**Exercise data:**

****************

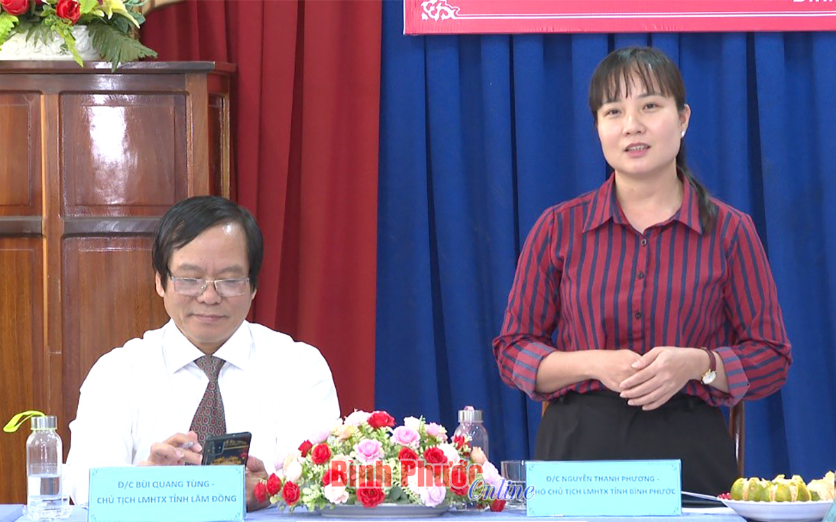 Bà Nguyễn Thanh Phương, Phó chủ tịch Liên minh Hợp tác xã tỉnh Bình Phước chia sẻ các vấn đề liên quan đến hợp tác (phát triển kinh tế hợp tác xã) giữa 2 đơn vị trong thời gian tới
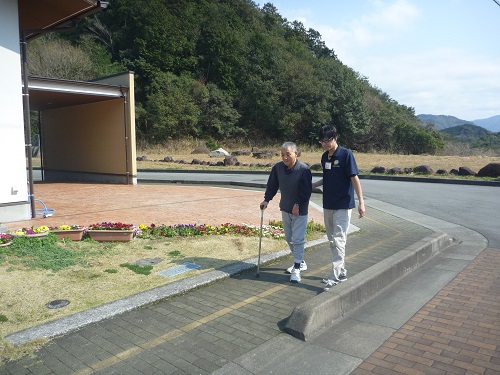 続いてはこちら!散歩をされている様子です。ケアプラス宇和島の周りは車の通りが少なく散歩には絶好の場所です!春の季節でポカポカ陽気!これからの散歩はとても気持ちいいですね。春の季節を感じながらリハビリもでき、「体しっかり」にも取り組めます。まさに一石二鳥です!
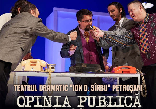 Piesa, una dintre cele mai jucate comedii ale dramaturgului, vorbește cu ironie fină despre lumea birourilor, despre șefi, protejați și decizii aparent importante, dar și despre micile jocuri de putere care fac parte din viața de zi cu zi. Deși scrisă în 1967, „Opinia publică“ rămâne incredibil de actuală, surprinzând cu haz și luciditate mecanismele sociale și slăbiciunile umane care nu se schimbă odată cu timpul. Spectacolul promite o seară în care râsul se împletește cu reflecția, într-o satiră socială cu parfum de epocă, adusă în prezent de trupa din Petroșani.

****************

**The problem:** The entire listing above is to be copied exactly, with all pictures omitted.

**Exercise output:**
 Bà Nguyễn Thanh Phương, Phó chủ tịch Liên minh Hợp tác xã tỉnh Bình Phước chia sẻ các vấn đề liên quan đến hợp tác (phát triển kinh tế hợp tác xã) giữa 2 đơn vị trong thời gian tới
 続いてはこちら!散歩をされている様子です。ケアプラス宇和島の周りは車の通りが少なく散歩には絶好の場所です!春の季節でポカポカ陽気!これからの散歩はとても気持ちいいですね。春の季節を感じながらリハビリもでき、「体しっかり」にも取り組めます。まさに一石二鳥です!
 Piesa, una dintre cele mai jucate comedii ale dramaturgului, vorbește cu ironie fină despre lumea birourilor, despre șefi, protejați și decizii aparent importante, dar și despre micile jocuri de putere care fac parte din viața de zi cu zi. Deși scrisă în 1967, „Opinia publică“ rămâne incredibil de actuală, surprinzând cu haz și luciditate mecanismele sociale și slăbiciunile umane care nu se schimbă odată cu timpul. Spectacolul promite o seară în care râsul se împletește cu reflecția, într-o satiră socială cu parfum de epocă, adusă în prezent de trupa din Petroșani.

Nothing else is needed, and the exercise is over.